• WHAT YOU ARE ASKED TO DO
Only the lines below from the one containing "Nos esperan escenas" to the one containing "숙소의 거실/주방 및" should be repeated, both included and unchanged.

• DATA
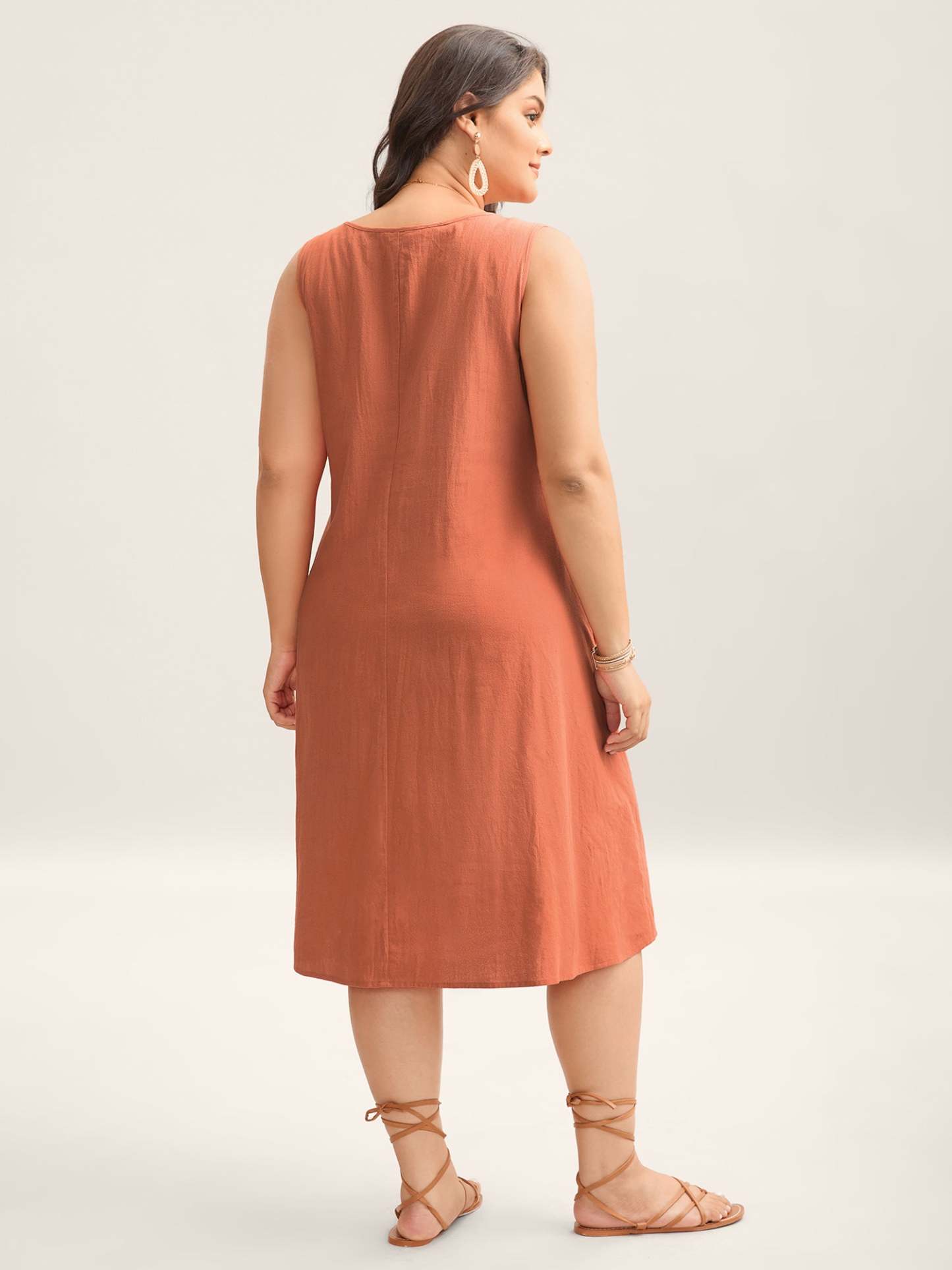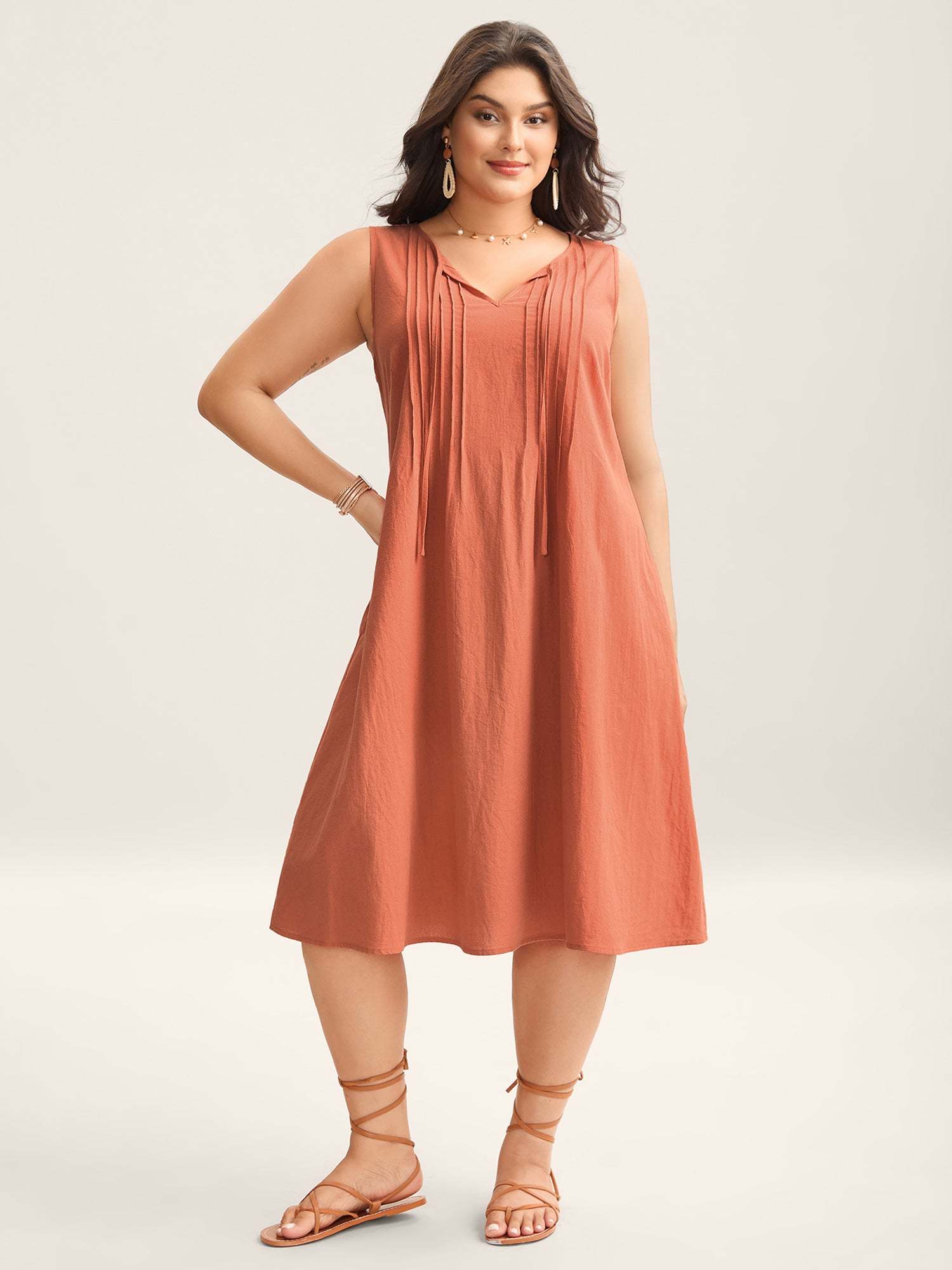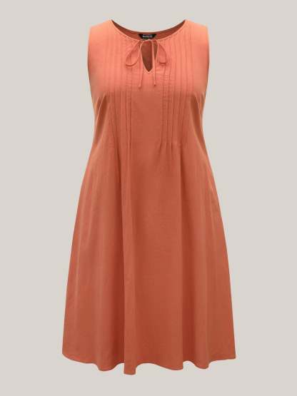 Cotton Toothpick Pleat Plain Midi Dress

...

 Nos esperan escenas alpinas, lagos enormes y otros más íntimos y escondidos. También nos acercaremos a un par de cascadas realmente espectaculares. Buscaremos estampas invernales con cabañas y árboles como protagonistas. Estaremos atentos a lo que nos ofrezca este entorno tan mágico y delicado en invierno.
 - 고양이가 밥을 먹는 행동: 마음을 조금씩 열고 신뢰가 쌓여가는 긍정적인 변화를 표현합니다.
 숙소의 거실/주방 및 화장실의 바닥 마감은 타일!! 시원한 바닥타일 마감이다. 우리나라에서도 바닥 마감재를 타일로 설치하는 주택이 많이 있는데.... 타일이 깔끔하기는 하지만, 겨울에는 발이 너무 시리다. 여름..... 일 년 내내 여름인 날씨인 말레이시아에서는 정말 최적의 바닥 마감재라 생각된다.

• SOLUTION
 Nos esperan escenas alpinas, lagos enormes y otros más íntimos y escondidos. También nos acercaremos a un par de cascadas realmente espectaculares. Buscaremos estampas invernales con cabañas y árboles como protagonistas. Estaremos atentos a lo que nos ofrezca este entorno tan mágico y delicado en invierno.
 - 고양이가 밥을 먹는 행동: 마음을 조금씩 열고 신뢰가 쌓여가는 긍정적인 변화를 표현합니다.
 숙소의 거실/주방 및 화장실의 바닥 마감은 타일!! 시원한 바닥타일 마감이다. 우리나라에서도 바닥 마감재를 타일로 설치하는 주택이 많이 있는데.... 타일이 깔끔하기는 하지만, 겨울에는 발이 너무 시리다. 여름..... 일 년 내내 여름인 날씨인 말레이시아에서는 정말 최적의 바닥 마감재라 생각된다.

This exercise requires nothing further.